• _Work to complete_
The expected result is the full listing, retyped exactly, without a single picture.

━━━ Stored data ━━━

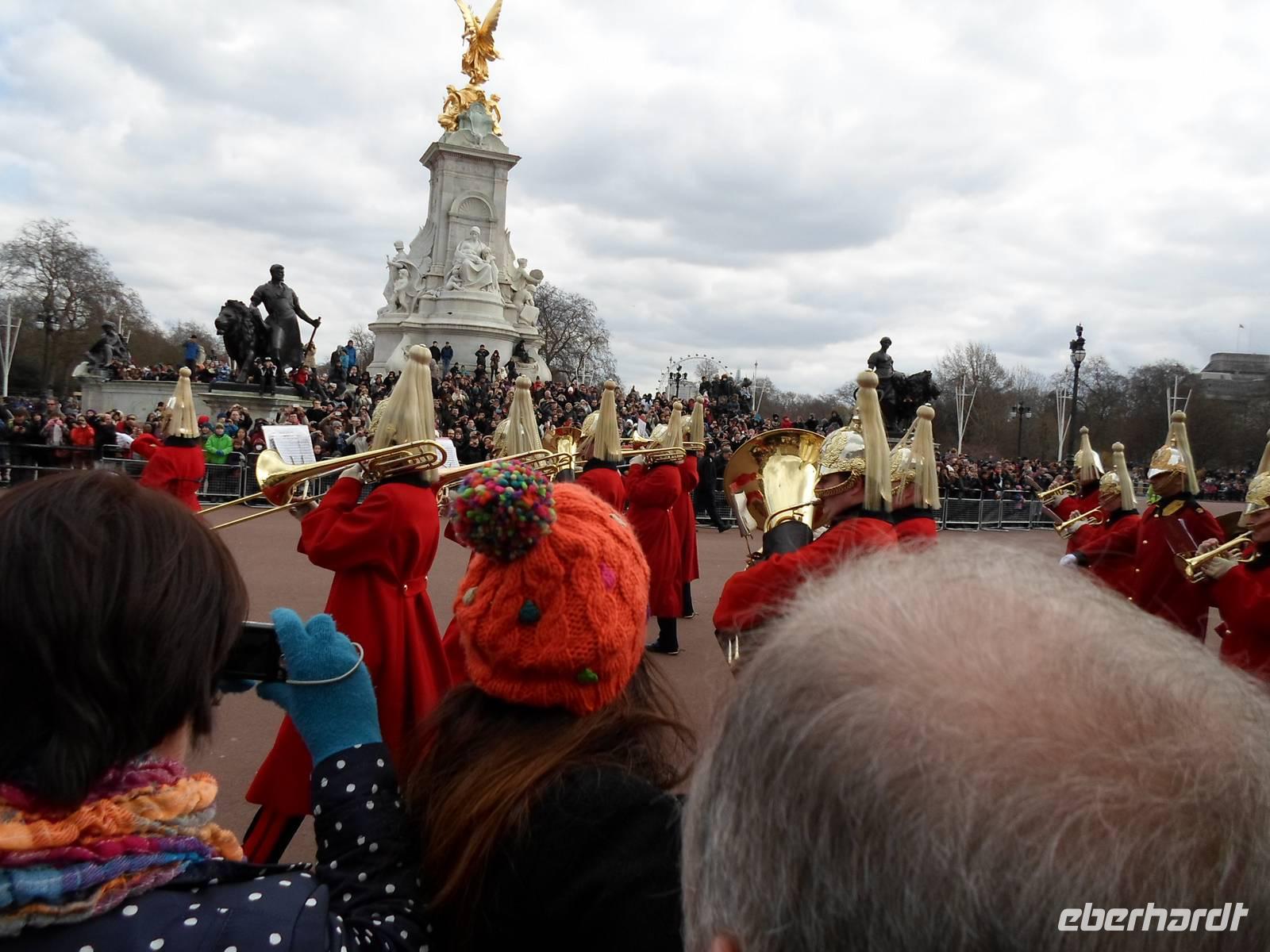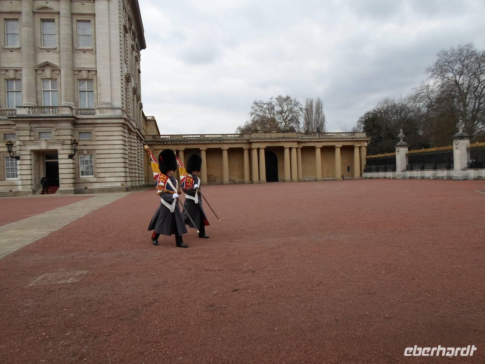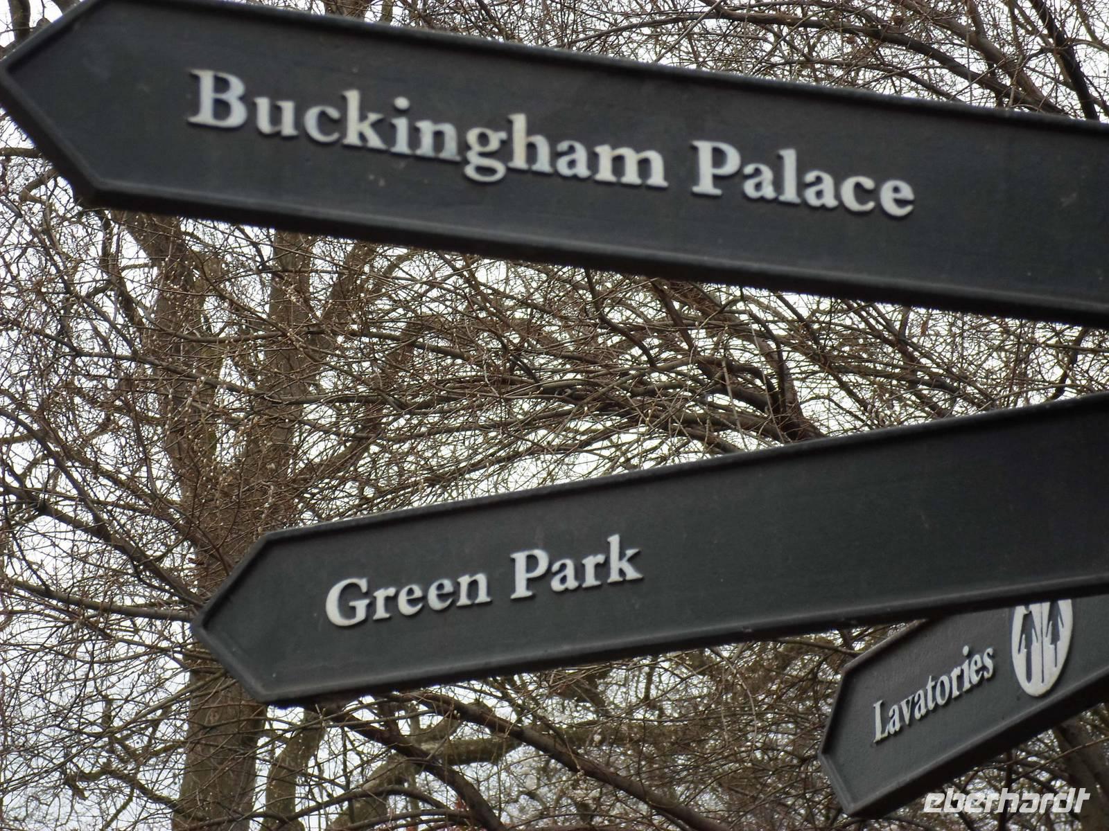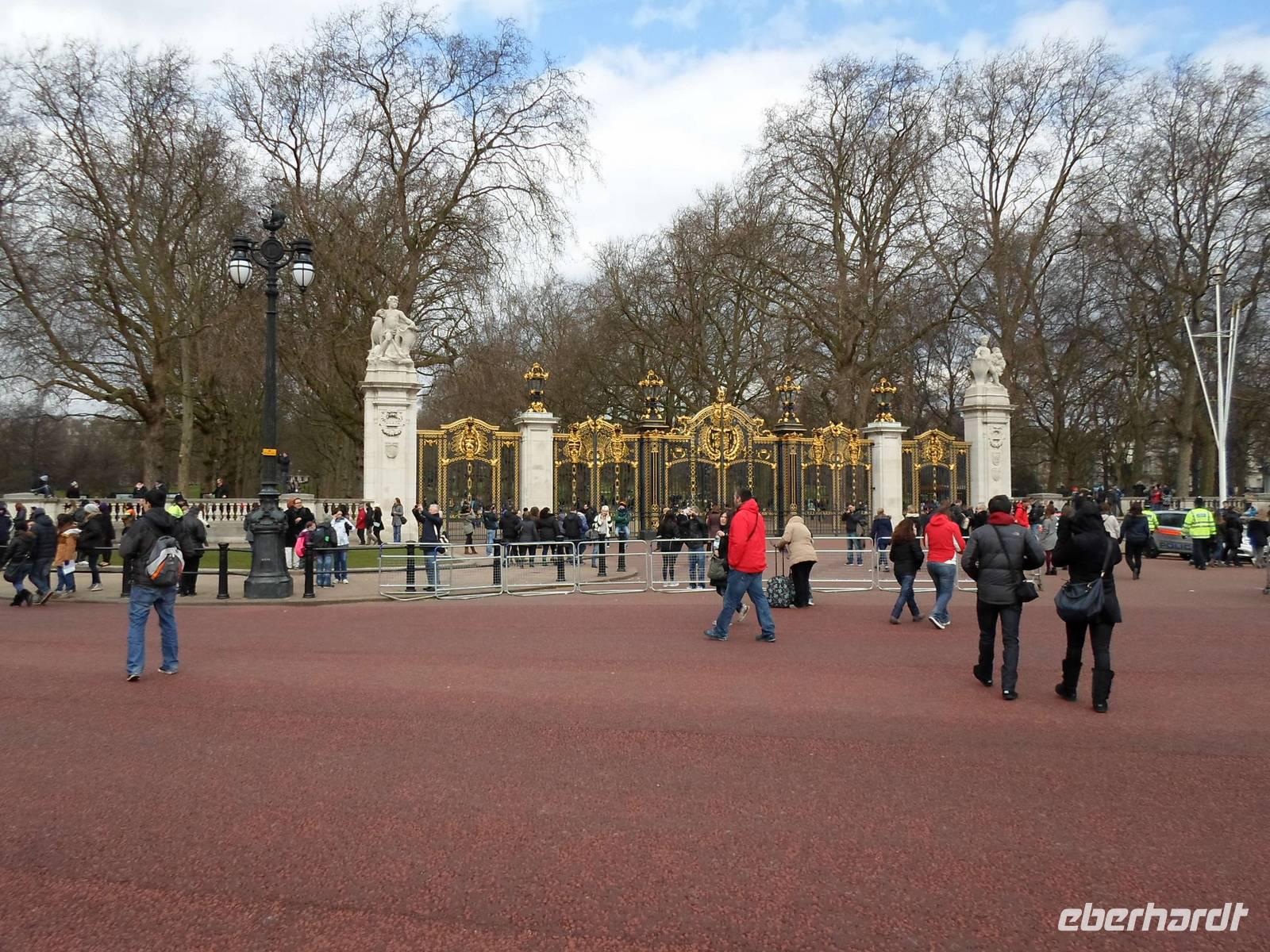 Heute warten wir umsonst auf die Sprechen. Sicherlich ist die Kälte schuld, dass so zeitig noch niemand zu sehen ist. Also laufen wir durch den Hyde Park zum Hyde Park Corner und dann weiter entlang der Begrenzungsmauer des Buckingham Palastes, um die Wachablösung davor zu erleben.
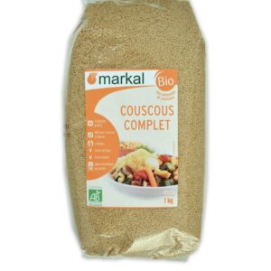 Le couscous complet est obtenu à partir de semoule de blé dur complète et d’eau. Les grains obtenus sont ensuite précuits et séchés. La couleur du couscous complet varie du jaune ambré au brun clair.
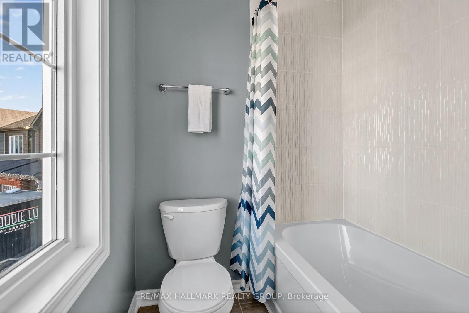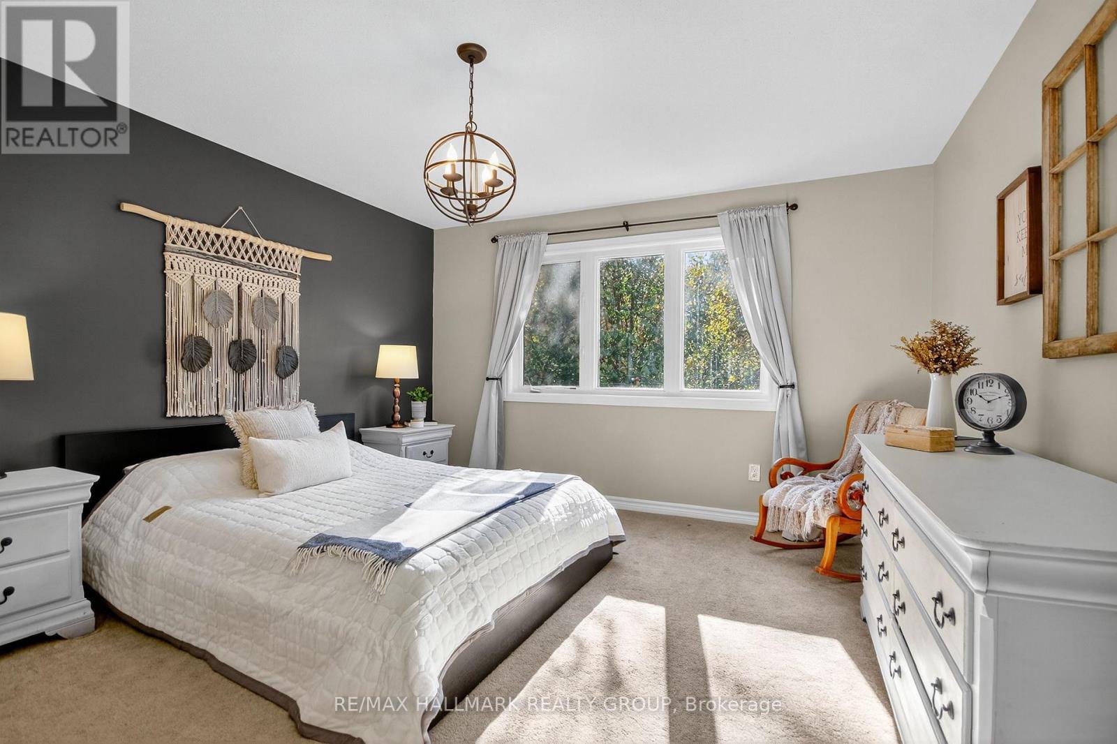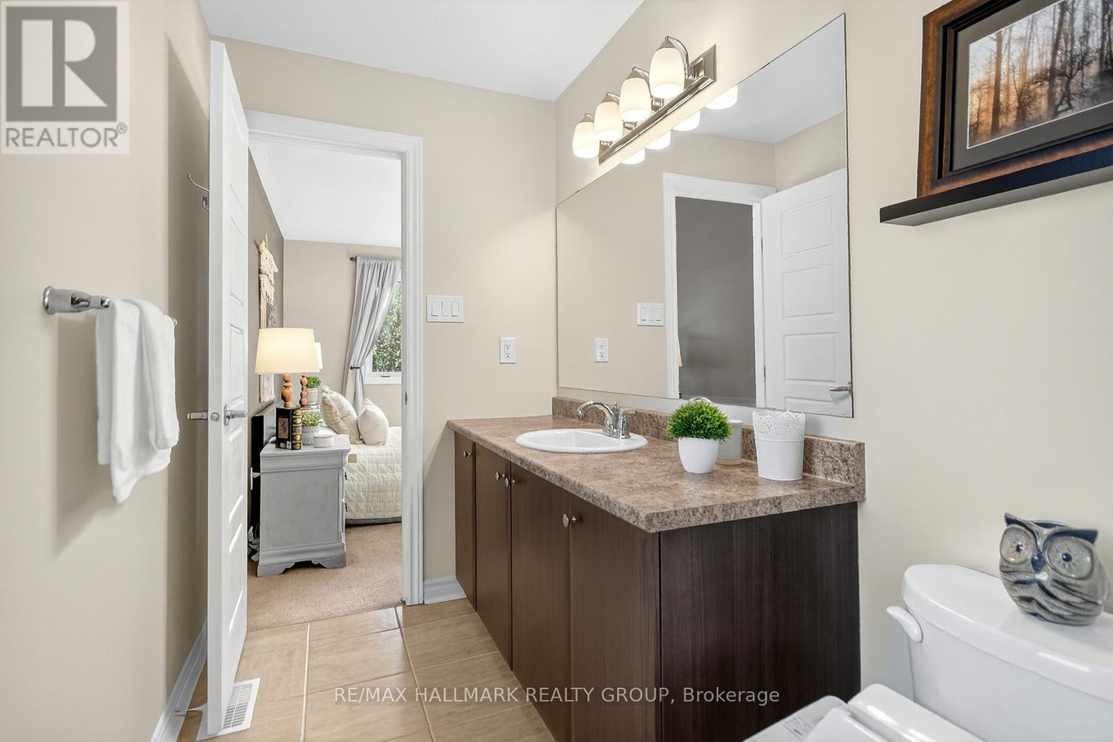 Backyard goals start here. Enjoy a rare outdoor lifestyle with this sun-filled upgraded end unit on a premium pie-shaped lot at the end of a quiet, low-traffic crescent. The oversized, fully fenced yard, with an expansive deck and gazebo, makes everyday living and weekend hosting effortless: BBQs, yard games, play structures and room for pets, plus parking for three (2 car driveway + single garage). Move-in ready: freshly painted with new flooring in key areas, a bright open concept main level. The modern kitchen features granite counters, a large peninsula with an extended breakfast bar, five appliances and generous storage. Upstairs, a spacious primary retreat offers a walk-in closet and an upgraded ensuite with an oversized glass shower. Handy second-floor laundry with storage cabinetry. The lower level adds a beautifully finished family room - perfect for movie nights, a playroom or home gym, plus utility and ample storage. Central air + all Appliances Included. Pride of ownership throughout. Seller has prepaid front-step + parging repair + interlock walkway - to be completed this fall. Walk to nearby parks, schools and trails; minutes to Tanger Outlets, Canadian Tire Centre, Hwy 417 and weekend favourites like Saunders Farm. A standout Stittsville home, big yard, energy, and townhome simplicity.

━━━

• _Output of the task_
 Heute warten wir umsonst auf die Sprechen. Sicherlich ist die Kälte schuld, dass so zeitig noch niemand zu sehen ist. Also laufen wir durch den Hyde Park zum Hyde Park Corner und dann weiter entlang der Begrenzungsmauer des Buckingham Palastes, um die Wachablösung davor zu erleben.
 Le couscous complet est obtenu à partir de semoule de blé dur complète et d’eau. Les grains obtenus sont ensuite précuits et séchés. La couleur du couscous complet varie du jaune ambré au brun clair.
 Backyard goals start here. Enjoy a rare outdoor lifestyle with this sun-filled upgraded end unit on a premium pie-shaped lot at the end of a quiet, low-traffic crescent. The oversized, fully fenced yard, with an expansive deck and gazebo, makes everyday living and weekend hosting effortless: BBQs, yard games, play structures and room for pets, plus parking for three (2 car driveway + single garage). Move-in ready: freshly painted with new flooring in key areas, a bright open concept main level. The modern kitchen features granite counters, a large peninsula with an extended breakfast bar, five appliances and generous storage. Upstairs, a spacious primary retreat offers a walk-in closet and an upgraded ensuite with an oversized glass shower. Handy second-floor laundry with storage cabinetry. The lower level adds a beautifully finished family room - perfect for movie nights, a playroom or home gym, plus utility and ample storage. Central air + all Appliances Included. Pride of ownership throughout. Seller has prepaid front-step + parging repair + interlock walkway - to be completed this fall. Walk to nearby parks, schools and trails; minutes to Tanger Outlets, Canadian Tire Centre, Hwy 417 and weekend favourites like Saunders Farm. A standout Stittsville home, big yard, energy, and townhome simplicity.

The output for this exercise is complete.